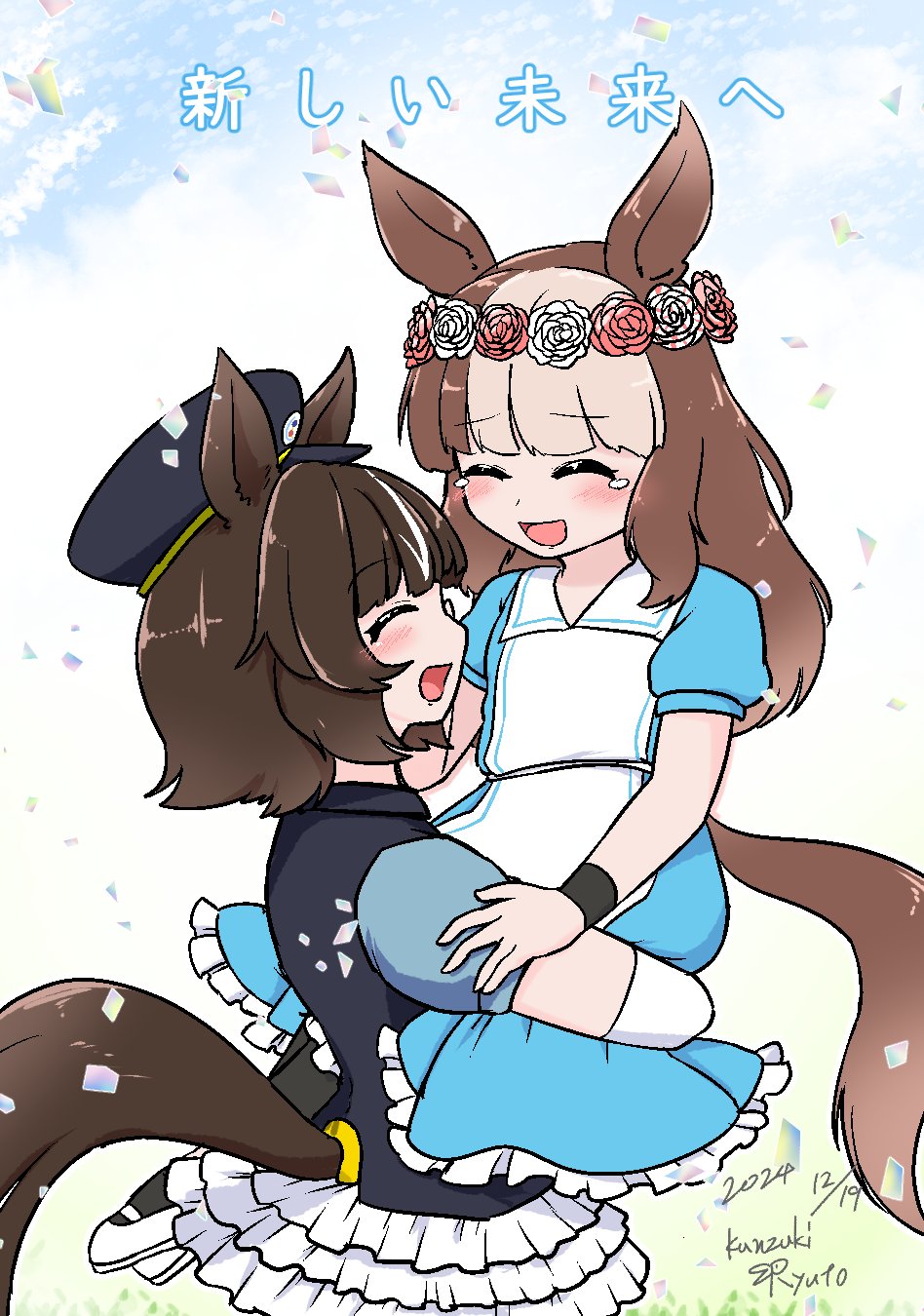 artist_name breasts brown_hair carrying carrying_person closed_eyes cloud dated frills grass hat head_wreath highres kanzaki_ryuuto long_hair medium_hair melody_lane_(racehorse) open_mouth original personification simple_background small_breasts tears titleholder_(racehorse) umamusume_tanuki
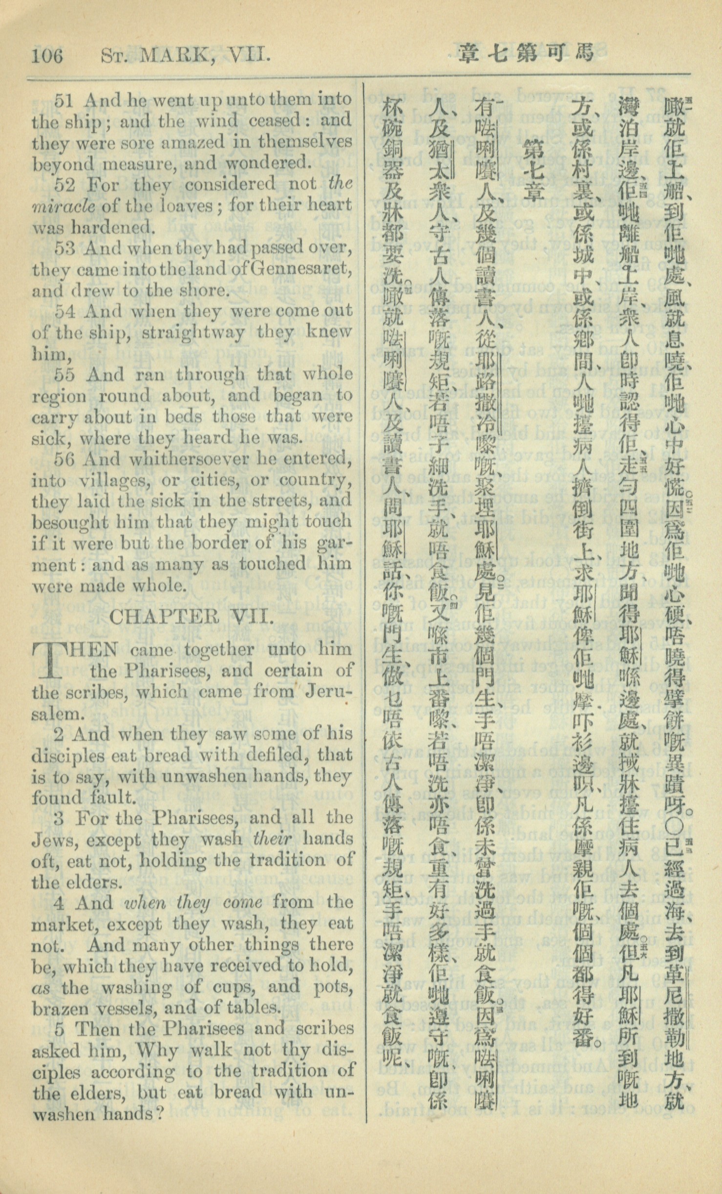 1909年中西字新約全書 馬可福音 6 章 51 節到 7 章 5 節
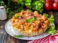 Запекайте в духовке 15-20 минут при температуре 180-185 градусов. После достаньте и посыпьте тертым сыром. Снова отправьте на несколько минут в духовку - до расплавления сыра. Если вы хотите получить мукрам с корочкой сыра, то сразу посыпьте блюдо тертым сыром перед запеканием.
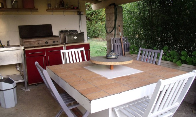 A summer kitchen under a patio is available free of charge with plancha, fryer and garden furniture for 4 people.
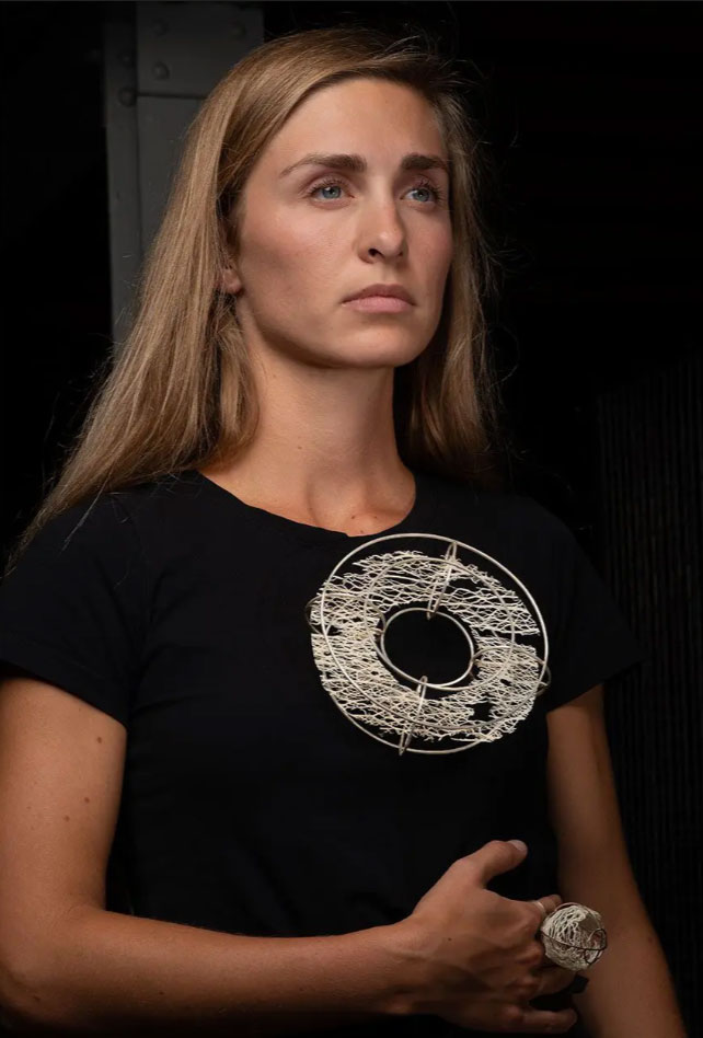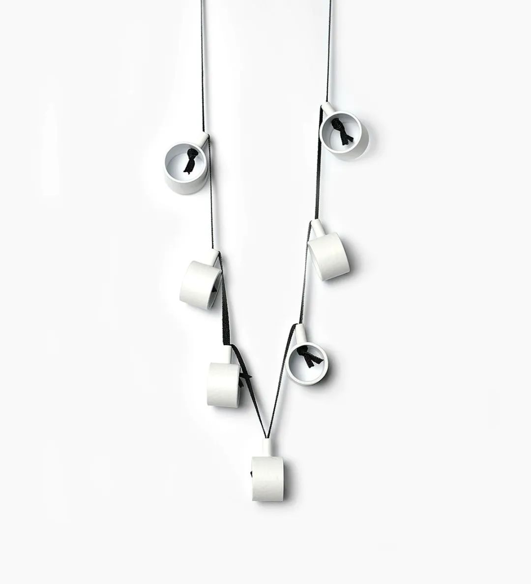 荷蘭首飾藝術家 Annelies Planteydt 的作品通過線條、填充、形狀來反映日常生活的組織或結構。這些作品可以在不同的階段進行觀看——首先是一幅幾何形狀的繪畫。第二階段發生在拿起它時,從表面觀察并以半流體形式塌陷時,繪畫的順序被打亂了,但運動中有一個美麗的新形態。第三,被佩戴時,佩戴者可以重新定位項鏈和結構 - 繪圖階段引用的細節是模糊的,但永遠不會消失在視線或腦海中。
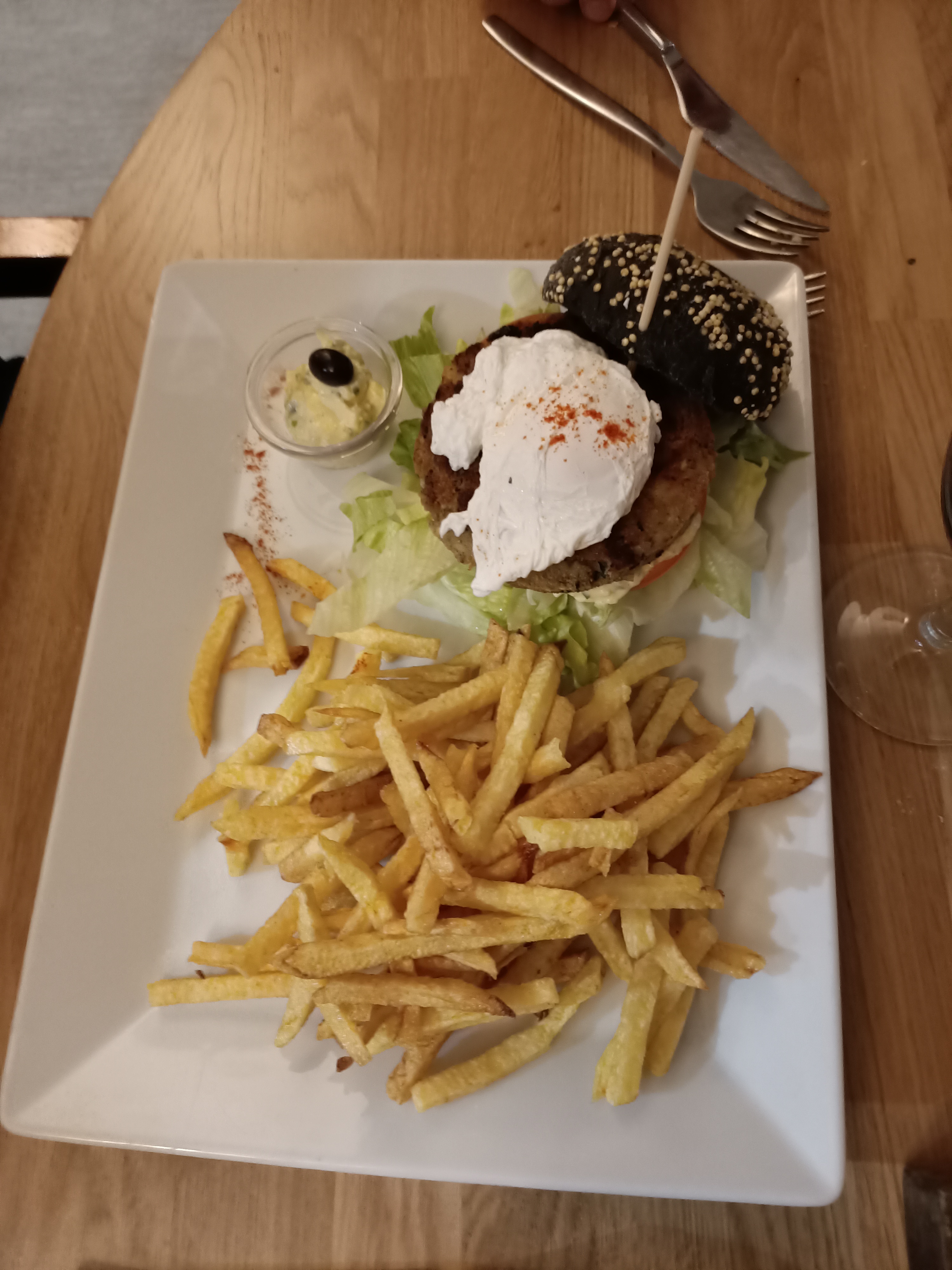Le burger à la morue avec l'œuf poché...excellent! 😍 arroz doce et pastel de nata pour le café gourmand histoire de bien finir ce bon repas.

§ **Problem details**
Lines before the one containing "A summer kitchen" are not wanted; repeat that line and the rest of the listing exactly, leaving out pictures.

§ **Written response**
 A summer kitchen under a patio is available free of charge with plancha, fryer and garden furniture for 4 people.
 荷蘭首飾藝術家 Annelies Planteydt 的作品通過線條、填充、形狀來反映日常生活的組織或結構。這些作品可以在不同的階段進行觀看——首先是一幅幾何形狀的繪畫。第二階段發生在拿起它時,從表面觀察并以半流體形式塌陷時,繪畫的順序被打亂了,但運動中有一個美麗的新形態。第三,被佩戴時,佩戴者可以重新定位項鏈和結構 - 繪圖階段引用的細節是模糊的,但永遠不會消失在視線或腦海中。
Le burger à la morue avec l'œuf poché...excellent! 😍 arroz doce et pastel de nata pour le café gourmand histoire de bien finir ce bon repas.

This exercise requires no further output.